Skip site navigation (1)Skip section navigation (2)
Date:      Sun, 4 Oct 1998 18:01:45 +0200 (SAT)
From:      John Hay <jhay@mikom.csir.co.za>
To:        freebsd-scsi@FreeBSD.ORG
Subject:   cam panic... probably tag related
Message-ID:  <199810041601.SAA02050@zibbi.mikom.csir.co.za>

next in thread | raw e-mail | index | archive | help

System is a dual 266MHz PII with Asus motherboard with Adaptec 7880 on
board and a Seagate ST34572N as drive 0 and a Conner CFP4207S as drive 2.
Everything is on the Seagate except /usr/obj which is symlinked to the
Conner. It is running a very up to date -current and using softupdates
on all partitions.

The machine will panic sometimes during a "make world" especially with a
high -j value, but it panics in such a way that it does not leave a dump.
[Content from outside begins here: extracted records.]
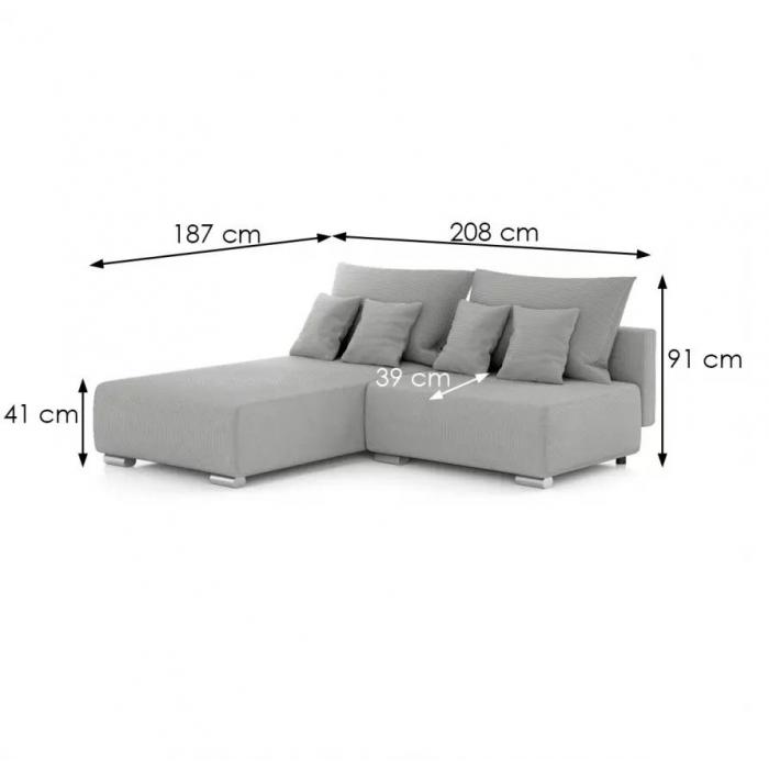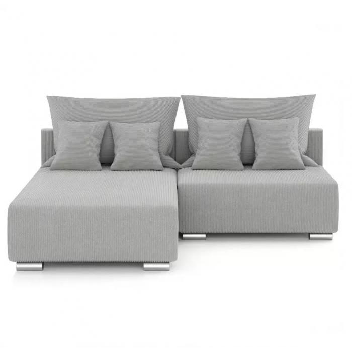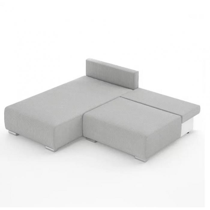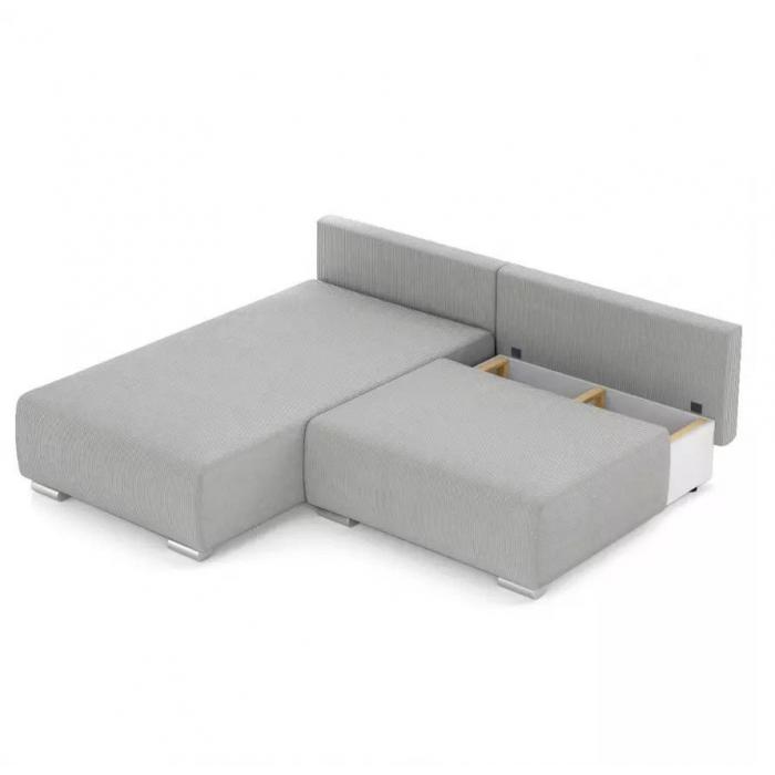 Narożnik Rich został pokryty tkaniną z funkcją spania typu DL- jest to szybki, prosty i wygodny sposób rozkładania. Jest jednym z najbardziej popularnych systemów rozkładania, który jest wykorzystywany w narożnikach. Polega on na lekkim podniesieniu i wysunięciu siedziska, a następnie należy złożyć oparcie. Pojemnik, do którego można schować pościel, dodatkowe koce czy też poduszki. Po rozłożeniu to okazjonalne miejsce do spania o wymiarach 150x203 cm. W siedzisku zastosowano sprężynę falistą, która dostosowuje się do ciężaru i kształtu ciała, zapewniając tym samym wysoki komfort siedzenia. Ten niepowtarzalny mebel wypoczynkowy stworzono z myślą o funkcjonalności i eleganckim wyglądzie. Narożnik dostępny w wersji prawostronnej i lewostronnej.
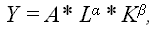 Y = f (L, K, T), |
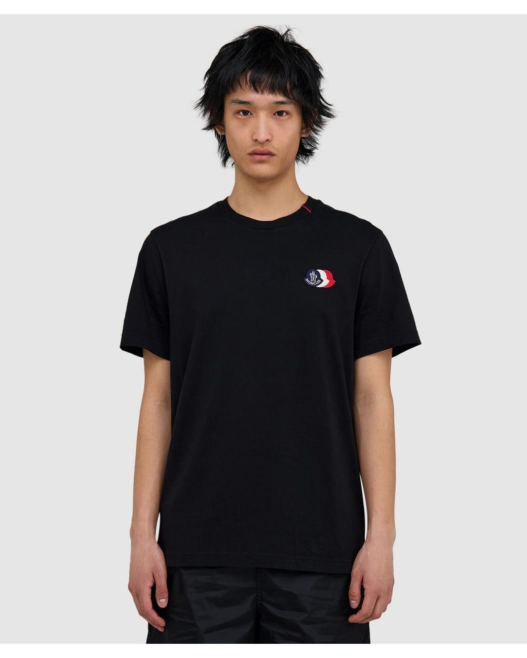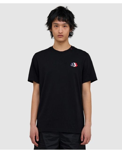 A refined everyday essential, this Moncler T shirt interprets the labels signature tricolour identity through precise embroidered patches, applied to a premium cotton jersey base for everyday styling. Regular fit Ribbed crewneck Embroidered tricolour logo patches 100% pima jersey cotton Item code: L1091 8C00074 - 89B8Q 999 Colour: black
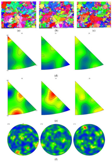 EBSD maps of non-heat-treated, die-cast samples after heat treatment: (a) X0 direction, (b) Y0 direction, (c) Z0 direction, (d) Al pole figures, (e) Si pole figures, (f) Al reverse pole figures, (g) Si reverse pole figures.
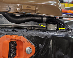 - Release the clip that attaches the power conversion system outlet hose to the HV battery.

What is strange to me is that it seems that the cam code catches the
problem and try to recover from it, but the machine still panic. Should
cam be able to recover from it? The panic is in acquire_lock() in the
softupdate code (I have added a piece of "nm -aout kernel" at the end of
this email), but I don't really think it is to blame for the panic. I
have build a quirk entry for the Conner drive to limit the tags to max
24 and have now successfully done more than 20 "make world -j24"s without
a panic, where previously it would panic within about 3. I have added a
diff for the quirk entry at the end. About the minimum number of tags I
just took a random number smaller than the max. :-) I'm not sure what it
should be.

Here is the output on the serial console preceding the panic and also the
probe info during the reboot afterwards, with unrelated things here and
there removed, just incase it is usefull to someone. The first 3 lines
come fairly quickly after I start a make world. I understand them and
just left them in for completeness.

---------------------------------------------------------------------------
(da1:ahc0:0:2:0): tagged openings now 32
(da1:ahc0:0:2:0): tagged openings now 31
(da0:ahc0:0:0:0): tagged openings now 63

... Long delay depending on how long it takes to get it to panic ...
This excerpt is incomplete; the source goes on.